▶ Supplied information
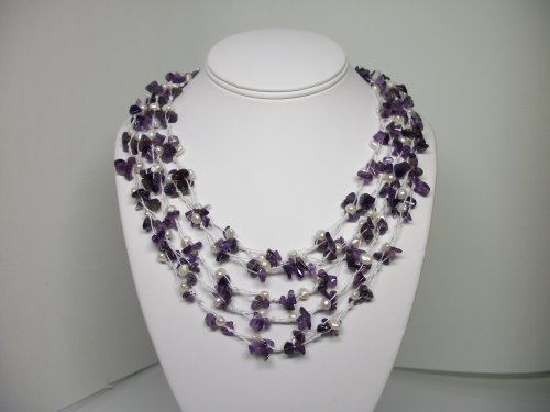 Read more HinsonGayle "Gabriella" Handwoven Five-Strand Pearl and Amethyst Necklace (Artisan Collection)
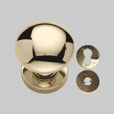 In ottone. Impugnatura Ø 54 mm, rosetta Ø 45 mm. Completo di rosetta e bocchetta con foro Yale.
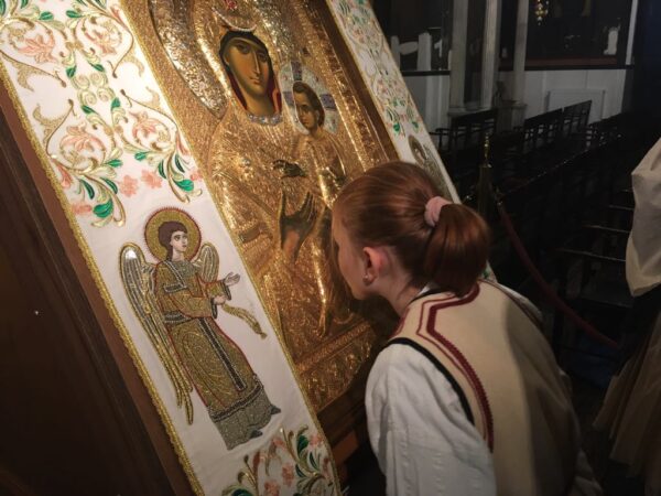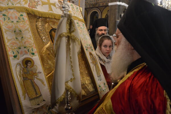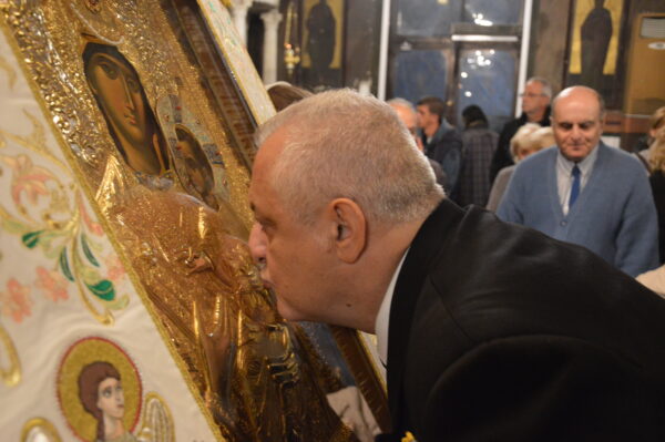 Στιγμές συγκίνησης χθες στον Πειραιά. Η Ιερά Μητρόπολη και ιδιαίτερα ο Ιερός Ναός Ευαγγελιστρίας Πειραιώς, υποδέχθηκαν το γνήσιο αντίγραφο της θαυματουργού εφέστιας εικόνος «Παναγίας Βηματάρισσας», από την Ιερά Μεγίστη Μονή Βατοπαιδίου, που ενθρονίστηκε μόνιμα πλέον στο Ναό.
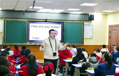 3月4日,咸安区汀泗桥镇小学,一名外教正在教室给孩子们上趣味英语课。

▶ Task goal
Pictures are to be omitted from the copy. Reproduce exactly, and only, the lines from the one containing "In ottone. Impugnatura" to the end of the listing above.

▶ Answer space
 In ottone. Impugnatura Ø 54 mm, rosetta Ø 45 mm. Completo di rosetta e bocchetta con foro Yale.
 Στιγμές συγκίνησης χθες στον Πειραιά. Η Ιερά Μητρόπολη και ιδιαίτερα ο Ιερός Ναός Ευαγγελιστρίας Πειραιώς, υποδέχθηκαν το γνήσιο αντίγραφο της θαυματουργού εφέστιας εικόνος «Παναγίας Βηματάρισσας», από την Ιερά Μεγίστη Μονή Βατοπαιδίου, που ενθρονίστηκε μόνιμα πλέον στο Ναό.
 3月4日,咸安区汀泗桥镇小学,一名外教正在教室给孩子们上趣味英语课。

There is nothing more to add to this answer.